# Nigerians not eating hay



## jdjuergensen (Aug 2, 2016)

Newbie here I have 3 ND's that I just brought home about 2 weeks ago & I notice they're not really eating their hay I put out. The hay is orchard grass and it's the only hay I'm aware of that I can get around here. I read in the sticky above that a munis hound eat about 1/2 flake twice daily and my goats combined have probably only eaten maybe a flake or 2 between the 3 of them in 2 weeks! They do eat a lot of fresh grasses/leaves/sticker bushes during the day is that the reason why or do you think my hay is bad?!? @salteylove ????


----------



## Suzanne_Tyler (Jul 19, 2014)

My goats much prefer fresh greenery over hay. There's probably nothing wrong with your hay, they should start eating it a lot more in the fall and winter.


----------



## SalteyLove (Jun 18, 2011)

Are these adults or kids?

How much pasture/browse space are they on? Acres?

Is the hay green, fragrant, and soft or is it yellow and coarse?

As Suzanne said, goats will almost always choose browsing and grazing over hay, so if they are getting plenty to eat that way, they may not need the hay until the grazing season is over! Do you see their rumens on the left sides expand and contract different times throughout the day? And do you ever see them laying down and chewing cud?


----------



## audrey (Jul 17, 2012)

My goats actually really dislike orchard grass it seems. They love timothy though!
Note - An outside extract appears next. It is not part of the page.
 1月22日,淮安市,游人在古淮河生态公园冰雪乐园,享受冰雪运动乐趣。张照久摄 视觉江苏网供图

IDK why, but they will not touch orchard grass!


----------



## Suzanne_Tyler (Jul 19, 2014)

^^My goats won't eat anything except alfalfa.


----------



## Harriet_and_Hens (Apr 26, 2015)

My Nigerians are being pretty picky as well! My mix is orchard/ clover mix, but they pick out like 10 tiny pieces and then leave the rest there. I just keep adding new hay to the bag, and then about every 2-3 days I have to empty out the old hay and put in new stuff in to get them to eat it. It does concern me because they don't have much of a 'hay belly' at all by the end of the day, or in the morning (from over night hay eating). 
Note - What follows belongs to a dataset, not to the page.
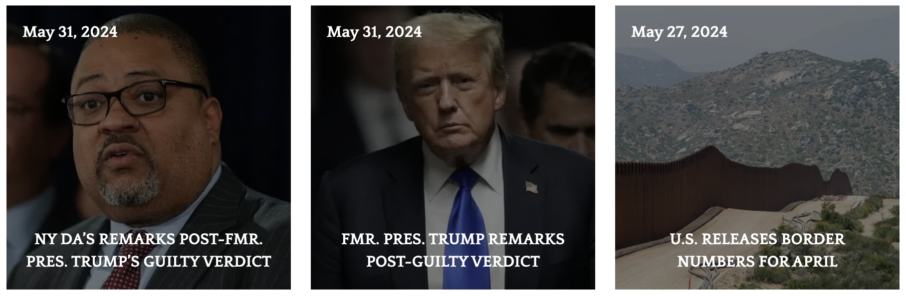 ✓ Quote from New York District Attorney Alvin Bragg's post-verdict remarks: "Today, we have the most important voice of all and that’s the voice of the jurors, they have spoken."

I recently posted about my FF yelling..... a lot. She stands on a big rock and yells.. and yells.... and yells. I think it might be the hay? But like you, I don't know what else is even available around here. I have been giving her Alfalfa chopped hay (bought at TSC) in addition to the regular hay and she does love that, but it hasn't helped with the crying.
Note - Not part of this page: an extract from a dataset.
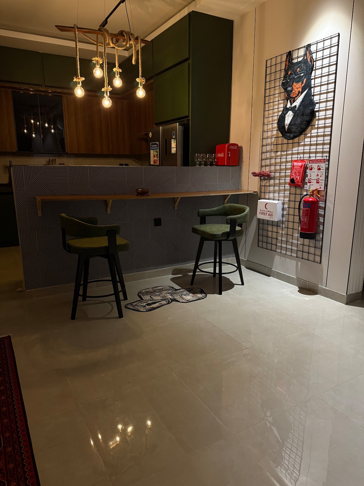 Pinagsasama ng studio ang lahat ng serbisyo sa ilalim ng isang bubong na nagtatampok ng malalaking bintana mula sa two - way at ganap na matalinong smart na kurtina, smart entry, smart screen, smart lighting switch, at lahat ng serbisyo sa apartment na gumagana sa pamamagitan ng audio sa serbisyo ng Alexa - Mga high - end na muwebles na may moderno at eksklusibong espesyal na T Home - Komportableng kutson na may stive hotel mattress - Komportableng sofa at nakakarelaks na upuan mula sa kawali Home - 75 pulgada na smart display - iPad voice control tablet Alexa - Microwave - Refrigerator - Iron na may ironing table - Coffee Corner - Mga Single Use na Tuwalya - Isthwar - Shower Gel at Shampoo

For your sanity and your neighbors, I hope you don't get a screamer :GAAH:


----------



## jdjuergensen (Aug 2, 2016)

SalteyLove said:


> Are these adults or kids?
> 
> How much pasture/browse space are they on? Acres?
> 
> ...


So it's a 3 year old doe and 2 kids. It's funny, now that you mention the rumens expanding and contracting I don't notice it at all on the kids but I do on the doe. I almost never see them chewing cud. Maybe only once or twice in 2 weeks. I let them out for hours throughout our property to eat (they have an acre fenced for them but 8 more to roam) so I see them eating a lot (just not hay). Hopefully come wintertime they change their tune to the hay since there won't be so much other stuff to eat! I have to take a pic of the hay...it's definitely not green but more yellow and coarse.


----------



## jdjuergensen (Aug 2, 2016)

Harriet_and_Hens said:


> My Nigerians are being pretty picky as well! My mix is orchard/ clover mix, but they pick out like 10 tiny pieces and then leave the rest there. I just keep adding new hay to the bag, and then about every 2-3 days I have to empty out the old hay and put in new stuff in to get them to eat it. It does concern me because they don't have much of a 'hay belly' at all by the end of the day, or in the morning (from over night hay eating).
> 
> I recently posted about my FF yelling..... a lot. She stands on a big rock and yells.. and yells.... and yells. I think it might be the hay? But like you, I don't know what else is even available around here. I have been giving her Alfalfa chopped hay (bought at TSC) in addition to the regular hay and she does love that, but it hasn't helped with the crying.
> 
> For your sanity and your neighbors, I hope you don't get a screamer :GAAH:


Yes! When I give hay they pick like a few pieces that have what looks like a little "wheat" top and then they leave the rest! I also never see them drink water. Goats are definitely not like my dog when it comes to feeding lol!


----------



## SalteyLove (Jun 18, 2011)

When you open a good bale of hay, the goats should be excited and be grabbing large mouthfuls. I can't even make it to the hay rack without them taking a bite!

Depending on your area, the best places to look for hay is on Craigslist or on your local agricultural groups on Facebook (for instance, we have "Connecticut Swap & Sell Agricultural" here, that's just one example). 

If at all possible, if you find a good source of 2nd cut hay, you should buy enough for a whole year. If the hay is advertised as cow hay, don't buy it. If it is advertised as horse hay, check it out, and don't even both mentioning you are feeding goats. Most hay farmers have very little understanding of what goats like. First cut is edible but just too coarse in most parts of the country. Bales may lose color/turn yellow on the outside due to sun exposure but when you cut one open, it should definitely have a green hue and sweet fragrance.


----------



## toth boer goats (Jul 20, 2008)

Very good advice.


----------



## jdjuergensen (Aug 2, 2016)

Thanks guys! Will definitely look into other local hay...in a side note just stumbled upon 2 of the goats chewing cud So much to learn!


----------



## CrazyDogLady (Aug 9, 2014)

My nigies eat their hay first, then pasture. I buy locally grown alfalfa. Hubs and I thought this time it didn't look as good, but there is hardly any waste, they love it.


----------



## catharina (Mar 17, 2016)

One reason goats might not eat their hay is if it's on the ground. They need to have it in some kind of manger or feeder. Feeding them anything on the ground also causes them to get more worms.


----------